Keep your kid reading throughout the summer

During
the summer, books might be the last thing on your child’s mind. Most kids are
ready for a break and happy to trade in reading, writing and arithmetic for
summer camp, family vacations, and lazy beach days. But many studies have shown
that children who read outside of school perform better academically than those
who do not. Here are our top tips to turn even the most reluctant reader into a
summer bookworm:

From book to big screen

Take
advantage of movies and DVDs that are based on books appropriate four your
child’s age. For example, renting the DVD of Hoot, based on Carl Hiassen’s
first novel for young readers might pique your middle-schooler’s interest in
the author’s more recent book for young readers, Flush. Likewise, the film
version of Roald Dahl’s Charlie and the Chocolate Factory gives you an opportunity
to introduce your younger children to other books by the same author, such as
James and the Giant Peach or The BFG.

Make it a game

Create
your own reading game at home with a chart, stickers, and perhaps a grand prize
of your child’s choice to turn reading books over the summer into a fun
activity.

Comics and graphic novels

The
transformation of classic comic strips like Scooby-Doo, Spiderman and Batman
into major motion pictures has renewed an interest in comic books. These books
make especially good reading material for visual and artistic learners, as they
allow readers to make easy connections between picture sequences and written
text. Encourage your children to read comics or even create their own comic
strips.

Read the news aloud

Start
reading parts of newspaper articles aloud and encourage your child to do the
same. This is a great way to engage your child in conversation and promote an
interest in what is going on in the world.

Subscribe to a magazine

There
are numerous magazines that are targeted to young kids and preteens. Kids can
often identify with the voice and subject matter, and the articles and
colourful photographs will hold their attention.
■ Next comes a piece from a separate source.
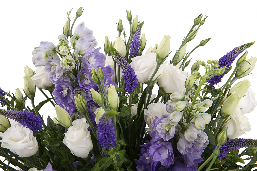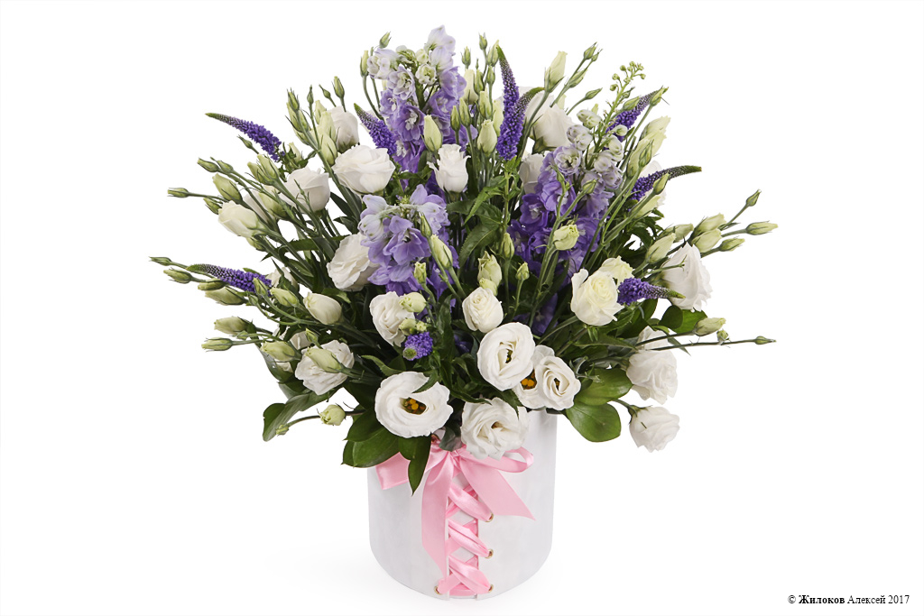 Изысканные и нежные цветы эустомы, напоминающие полураскрытые бутоны роз, гармонично сочетаются с фиолетовыми цветами дельфиниума и вероники, свежей зеленью рускуса. Такая чудесная цветовая гамма композиции поможет Вам передать светлые чувства и теплые поздравления, обворожит своей красотой!

Covert ways to switch your child
onto reading

Encourage
a love of reading using the following non-direct methods:

Buy
games such as Boggle or Junior Scrabble will help improve your child’s
vocabulary and allow you as an adult to actively participate in a fun and
non-threatening way.

Put
on a scavenger hunt for your children and their friends as part of a play date.
Written clues leading to a list of hidden items in the house and around the
garden are a great way to keep them occupied while maintaining their reading
skills.

Gain
quality bonding time while encouraging your child’s literacy by getting them
the materials needed to make personalised thank-you, get better soon and
birthday cards. Thinking up appropriate messages for each, be it a poem or in
prose, will be fun and educationally beneficial.